Zszedłem szybko po schodach. Zatrzymałem się na chwilę przed klatką i zastanowiłem się, którędy mam ochotę pójść na uczelnię. Wybrałem drogę wzdłuż głównej ulicy. „Większa szansa, że zobaczę jakieś ładne dziewczyny” – pomyślałem i ruszyłem w kierunku centrum. Pogoda był całkiem ładna. Było sporo słońca, pomimo, że na niebie kłębiły się dość gęste chmury. Na chodniku stały kałuże - w nocy zapewne padało. Powietrze też było przyjemne, a lekki wietrzyk chłodził twarz.

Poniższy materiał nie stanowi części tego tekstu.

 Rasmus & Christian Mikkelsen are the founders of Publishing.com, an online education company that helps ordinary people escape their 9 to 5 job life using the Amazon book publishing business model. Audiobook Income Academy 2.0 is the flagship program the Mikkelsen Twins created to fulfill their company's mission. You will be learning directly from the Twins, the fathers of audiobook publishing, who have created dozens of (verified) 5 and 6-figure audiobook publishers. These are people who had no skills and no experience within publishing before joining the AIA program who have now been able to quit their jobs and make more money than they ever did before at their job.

Przeszedłem przez ulicę. Miła pani, w jaskrawym kubraczku i dużym znakiem z napisem „STOP”, zatrzymała nadjeżdżające samochody dla mnie i grupy rozwrzeszczanych dzieciaków. Ponownie nawiedziła mnie myśl, że za nic nie będę chciał mieć dzieci. A przynajmniej nie w najbliższym stuleciu. Minąłem cukierenkę, parę sklepów i zatrzymałem się koło księgarni. Rozejrzałem się po wystawie. Niestety, ale na pewno na szczęście dla mojego portfela, nie znalazłem nic co by mnie zainteresowało.

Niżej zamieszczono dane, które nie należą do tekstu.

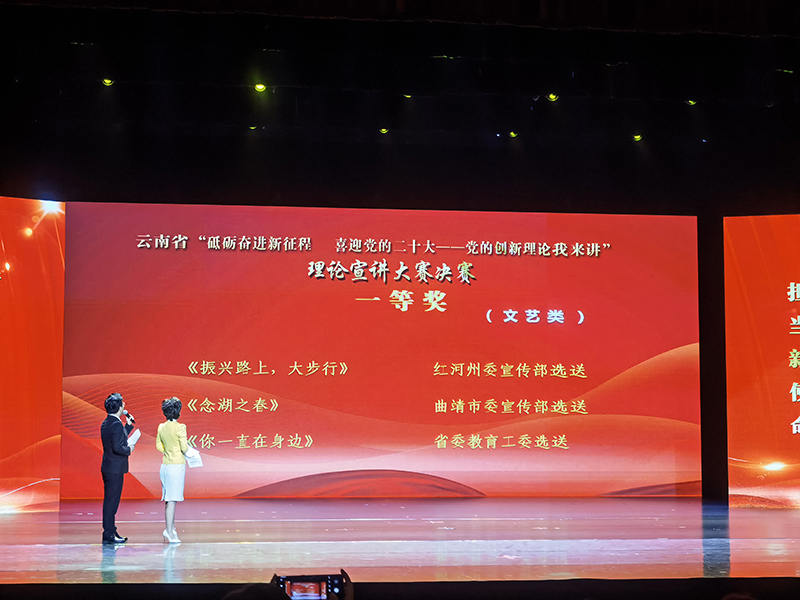 为深入贯彻落实习近平总书记“讲好聂耳和国歌的故事”重要指示精神,学院充分挖掘红色资源创作音乐剧《你一直在身边》,采用音乐、诗歌、舞蹈等表现形式,把聂耳精神融入其中。作品先后荣获全省教育系统“喜迎党的二十大——云岭师生说”理论宣讲比赛特等奖、云南省“砥砺奋进新征程 喜迎党的二十大——党的创新理论我来讲”理论宣讲大赛文艺类一等奖。
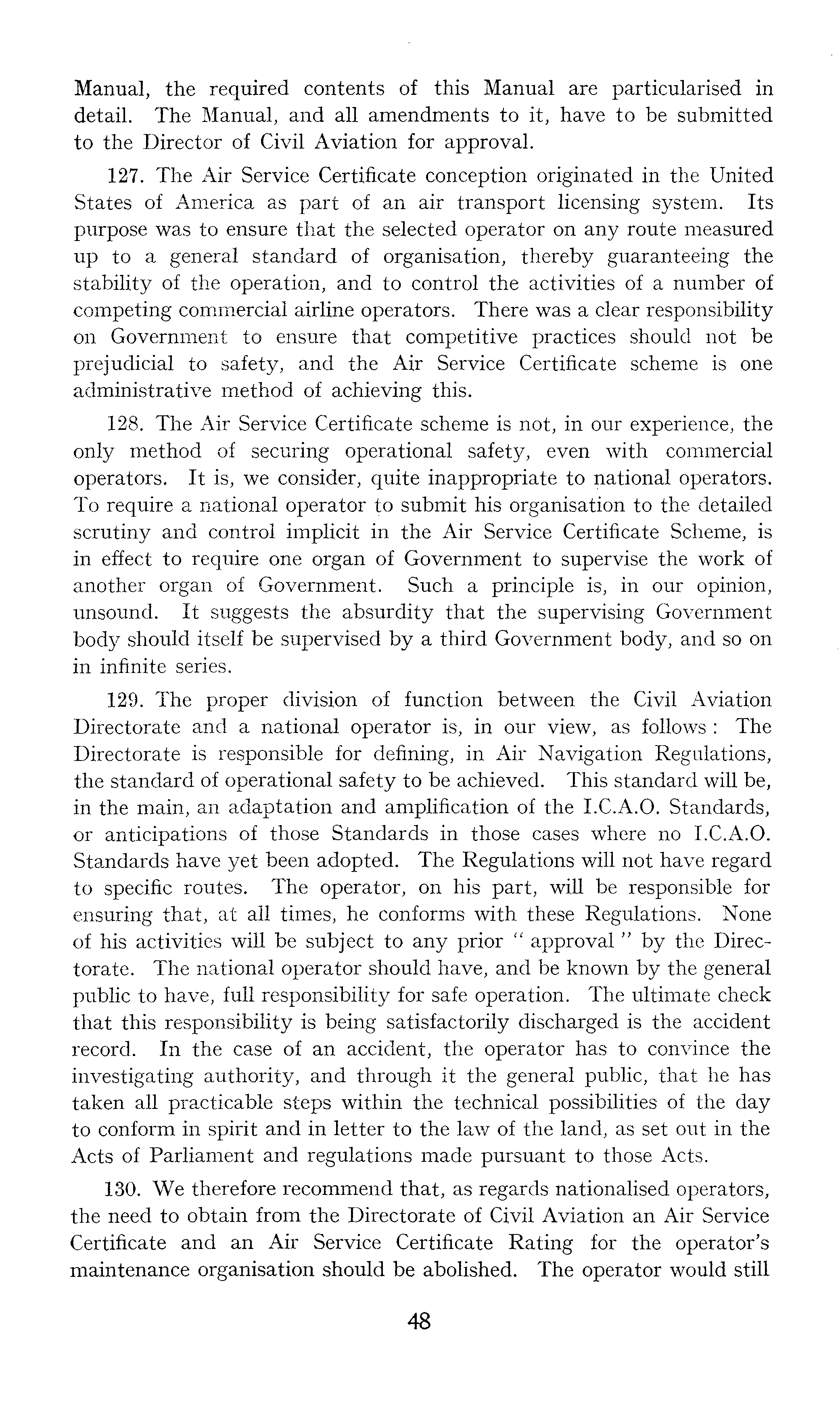 Manual, the required contents of this Manual are particularised in detail. The Manual, and all amendments to it, have to be submitted to the Director of Civil Aviation for approval. 127. The Air Service Certificate conception originated in the United States of America as part of an air transport licensing system. Its purpose was to ensure that the selected operator on any route measured up to a general standard of organisation, thereby guaranteeing the stability of the operation, and to control the activities of a number of competing, commercial airline operators. There was a clear responsibility on Government to ensure that competitive practices should not be prejudicial to safety, and the Air Service Certificate scheme is one administrative method of achieving this. 128. The Air Service Certificate scheme is not, in our experience, the only method of securing operational safety, even with commercial operators. It is, we consider, quite, inappropriate to national operators. To require a national operator to submit his organisation to the detailed scrutiny and control implicit in the Air Service Certificate Scheme, is in effect to require one organ of Government to supervise the work of another organ of Government. Such a principle is, in our opinion, unsound. It suggests the absurdity that the supervising Government body should itself be supervised by a third Government body, and so on in infinite series. 129. The proper division of function between the Civil Aviation Directorate and a national operator is, in our view, as follows : The Directorate is responsible for defining, in Air Navigation Regulations, the standard of operational safety to be achieved. This standard will be, in the main, an adaptation and amplification of the 1.C.A.0. Standards, or anticipations of those Standards in those cases where no 1.C.A.0. Standards have yet been adopted. The Regulations will not have regard to specific routes. The operator, on his part, will be responsible for ensuring that, at all times, he conforms with these Regulations. None of his activities will be subject to any prior " approval" by the Directorate. The national operator should have, and be known by the general public to have, full responsibility for safe operation. The ultimate check that this responsibility is being satisfactorily discharged is the accident record. In the case of an accident, the operator has to convince the investigating authority, and through it the general public, that he has taken all practicable steps within the technical possibilities of the day to conform in spirit and in letter to the law of the land, as set out in the Acts of Parliament and regulations made pursuant to those Acts. 130. We therefore recommend that, as regards nationalised operators, the need to obtain from the Directorate of Civil Aviation an Air Service Certificate and an Air Service Certificate Rating for the operator's maintenance organisation should be abolished. The operator would still

Miałem już ruszyć w dalszą drogę, kiedy zauważyłem, że przed księgarnią zatrzymał się jakiś mężczyzna. Rzuciłem na niego okiem i doznałem dziwnego uczucia. Miałem wrażenie, że gdzieś już go widziałem. Nie wiedziałem tylko gdzie... Wydawało mi się, że odpowiedź jest prosta ale nie byłem w stanie na nią wpaść. Wpatrywałem się w niego usilnie, ale on chyba nie zwrócił na mnie uwagi. Skończył przyglądać się wystawie i ruszył w swoją stronę. Kiedy mnie mijał po plecach przebiegły mi dreszcze. Spojrzałem mu jeszcze raz w twarz i nagle przypomniałem sobie skąd go znam. Przecież nie tak dawno widziałem tą pociągłą, pomarszczoną twarz, charakterystycznie uniesione brwi... Zrobiło mi się słabo. Ciężko było mi w to uwierzyć, ale właśnie minął mnie „wampir” z mojego snu.


„ - Coś jest nie tak – myślałem gorączkowo – Takie rzeczy się nie zdarzają. To musi być jakiś przypadek. Na pewno. Kiedyś go widziałem, a mój umysł wykorzystał jego obraz w śnie. Tak, to brzmi prawdopodobnie”.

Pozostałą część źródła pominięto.